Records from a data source
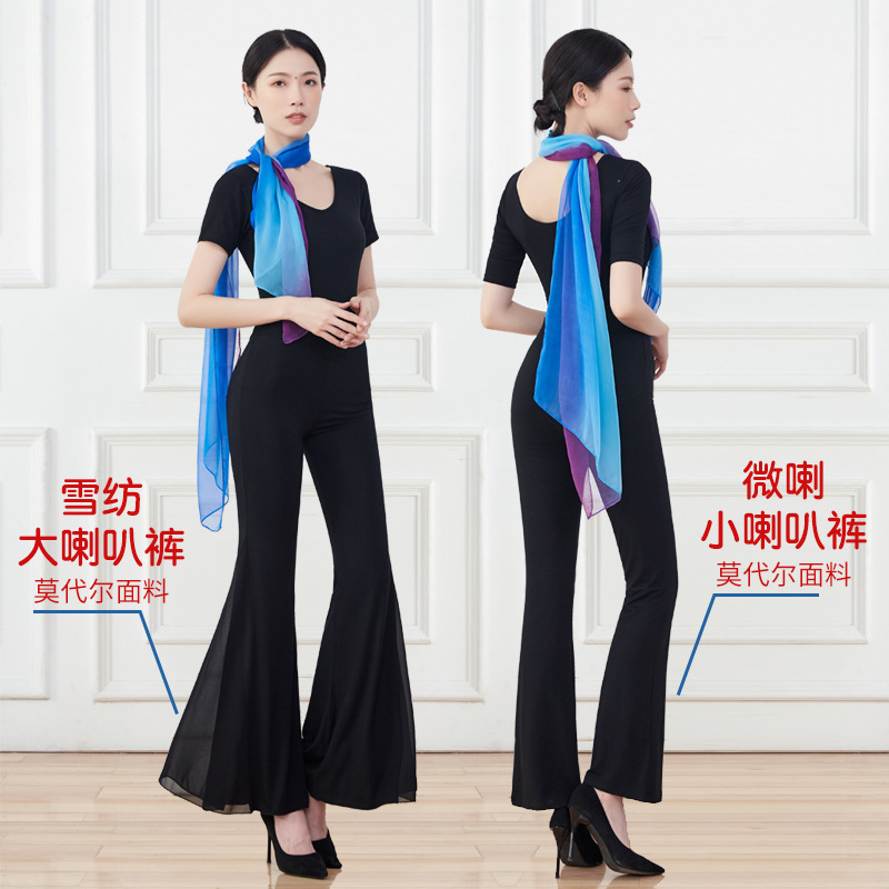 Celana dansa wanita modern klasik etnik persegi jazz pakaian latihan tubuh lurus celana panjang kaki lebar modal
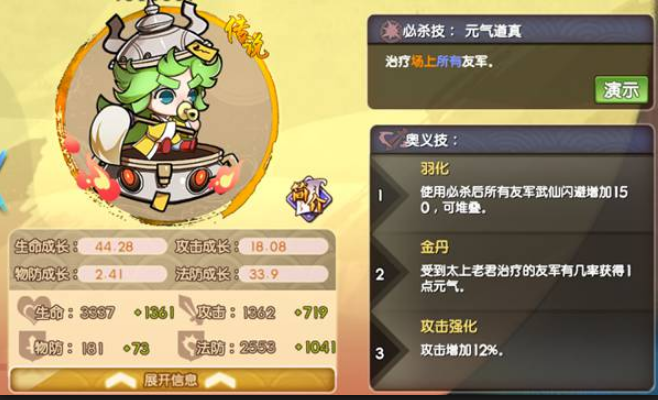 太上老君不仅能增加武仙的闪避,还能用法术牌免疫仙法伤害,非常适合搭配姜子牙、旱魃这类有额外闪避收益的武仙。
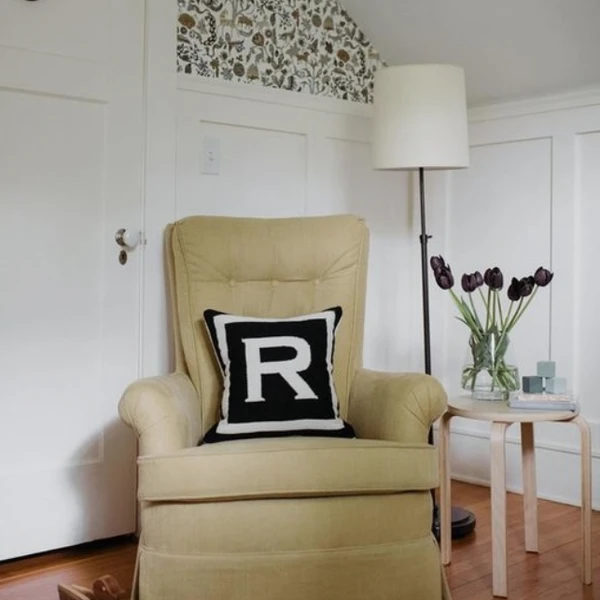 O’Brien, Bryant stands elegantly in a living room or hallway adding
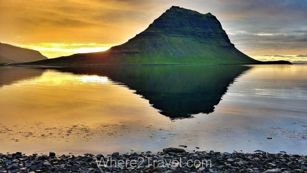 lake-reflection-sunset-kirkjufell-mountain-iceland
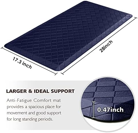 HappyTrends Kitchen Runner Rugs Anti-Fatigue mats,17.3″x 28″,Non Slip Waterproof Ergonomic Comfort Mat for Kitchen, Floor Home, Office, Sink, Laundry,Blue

* [WORK REQUIRED]
Your copy of the records must be exact and must contain no pictures.

* [FINAL ANSWER]
 Celana dansa wanita modern klasik etnik persegi jazz pakaian latihan tubuh lurus celana panjang kaki lebar modal
 太上老君不仅能增加武仙的闪避,还能用法术牌免疫仙法伤害,非常适合搭配姜子牙、旱魃这类有额外闪避收益的武仙。
 O’Brien, Bryant stands elegantly in a living room or hallway adding
 lake-reflection-sunset-kirkjufell-mountain-iceland
 HappyTrends Kitchen Runner Rugs Anti-Fatigue mats,17.3″x 28″,Non Slip Waterproof Ergonomic Comfort Mat for Kitchen, Floor Home, Office, Sink, Laundry,Blue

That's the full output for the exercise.